Exercise material
_ _ _ _ _
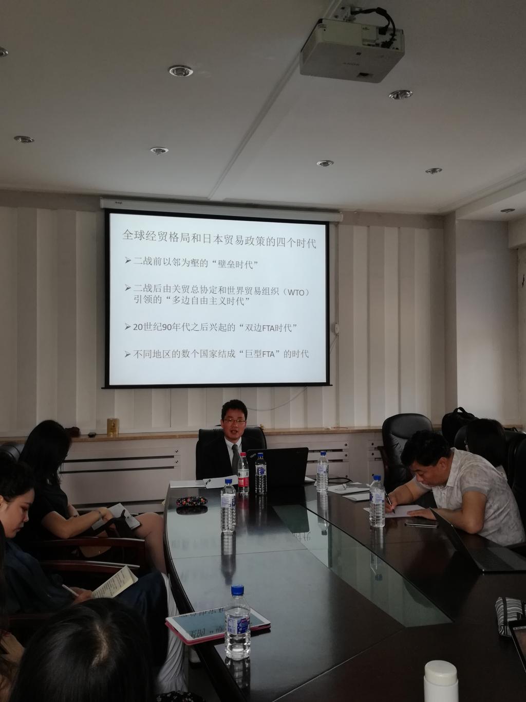 随后,贺平老师从中日韩三边FTA与RCEP阶段性的成果、主要大国间的贸易政策博弈与其外溢效应、日本贸易战略先进与渐进的平衡三个方面指出了今后研究和学习的增长点。
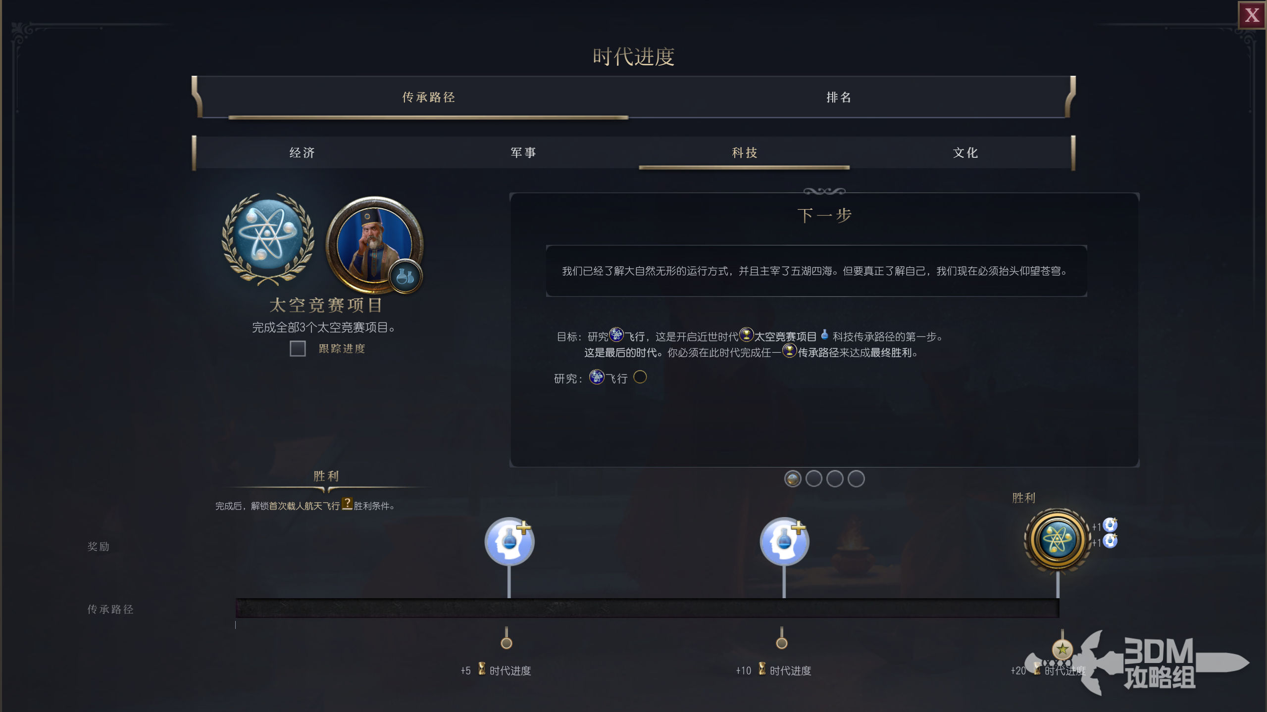 近世时代目标:研究飞行,这是开启近世时代太空竞赛项目科技传承路径的第一步。这是最后的时代。你必须在此时代完成任一传承路径来达成最终胜利。
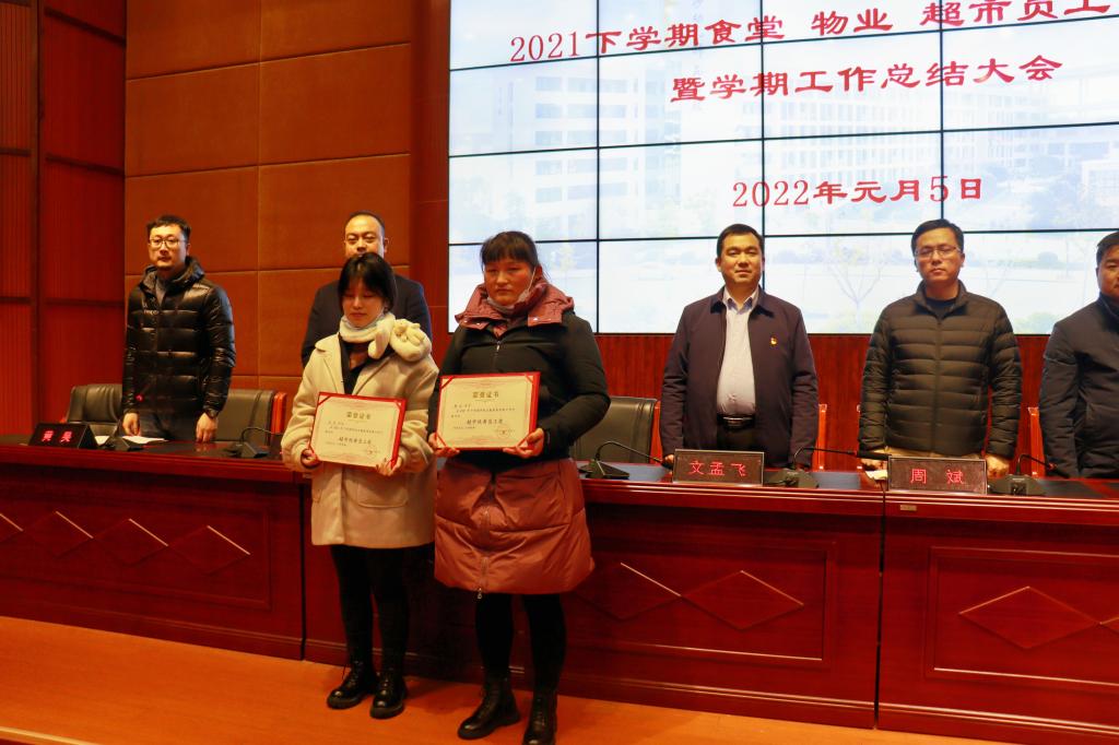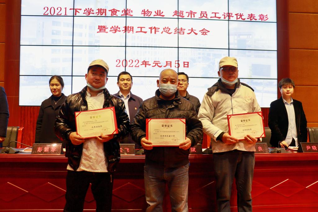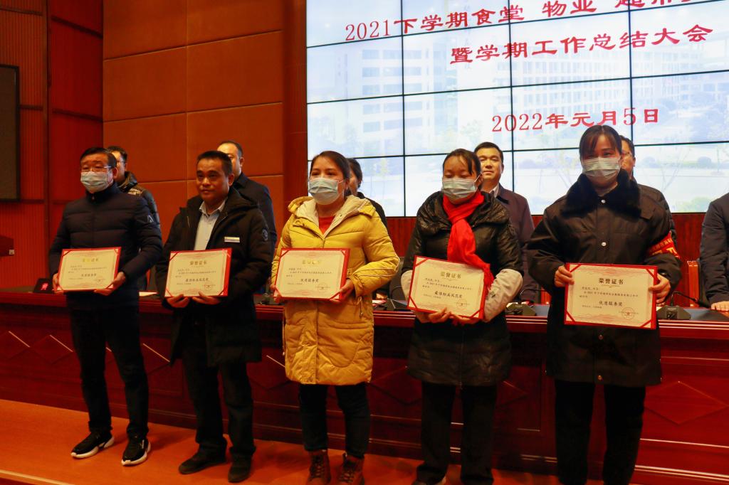 元月5日晚,我校在汇智厅召开2021年下学期食堂、物业、超市员工评优表彰暨学期工作总结大会。学校副校长文孟飞,后勤财务处处长周斌,学生工作处处长彭繁珍,后勤财务处副处长黄昊,学校食堂公司负责人郑良,学校物业公司负责人尹晓寻,学校超市负责人刘志恒,及食堂、物业、超市所有服务员工参加了本次大会,会议由黄昊主持。
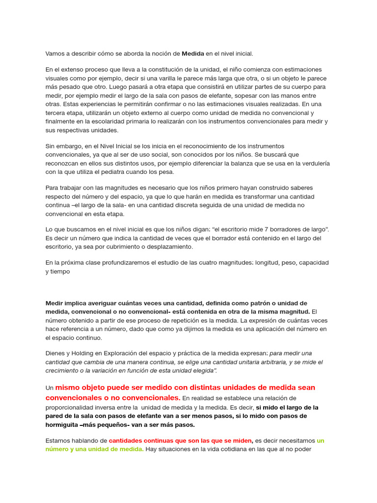 En el nivel inicial se hace un trabajo intencional con la medida que implica que el docente
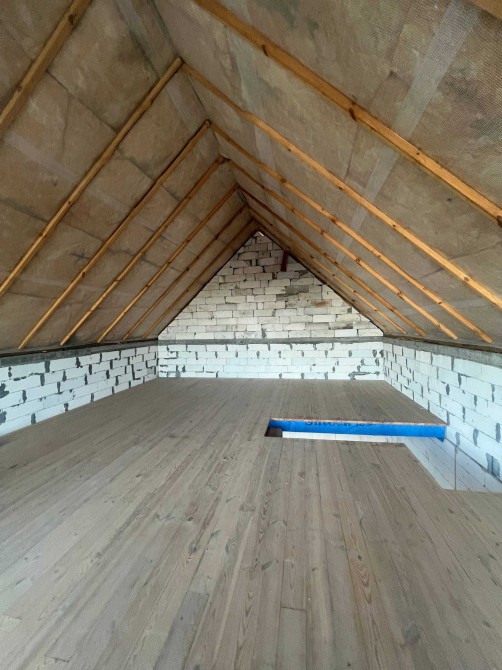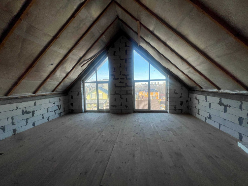 Велика мансарда без перегородок. Тут легко облаштувати домашній кінотеатр, творчу майстерню, лаунж-зону або стильну master-спальню.
_ _ _ _ _
Problem description
The records must be copied with no word altered, and without their pictures.

Solution to the exercise
 随后,贺平老师从中日韩三边FTA与RCEP阶段性的成果、主要大国间的贸易政策博弈与其外溢效应、日本贸易战略先进与渐进的平衡三个方面指出了今后研究和学习的增长点。
 近世时代目标:研究飞行,这是开启近世时代太空竞赛项目科技传承路径的第一步。这是最后的时代。你必须在此时代完成任一传承路径来达成最终胜利。
 元月5日晚,我校在汇智厅召开2021年下学期食堂、物业、超市员工评优表彰暨学期工作总结大会。学校副校长文孟飞,后勤财务处处长周斌,学生工作处处长彭繁珍,后勤财务处副处长黄昊,学校食堂公司负责人郑良,学校物业公司负责人尹晓寻,学校超市负责人刘志恒,及食堂、物业、超市所有服务员工参加了本次大会,会议由黄昊主持。
 En el nivel inicial se hace un trabajo intencional con la medida que implica que el docente
 Велика мансарда без перегородок. Тут легко облаштувати домашній кінотеатр, творчу майстерню, лаунж-зону або стильну master-спальню.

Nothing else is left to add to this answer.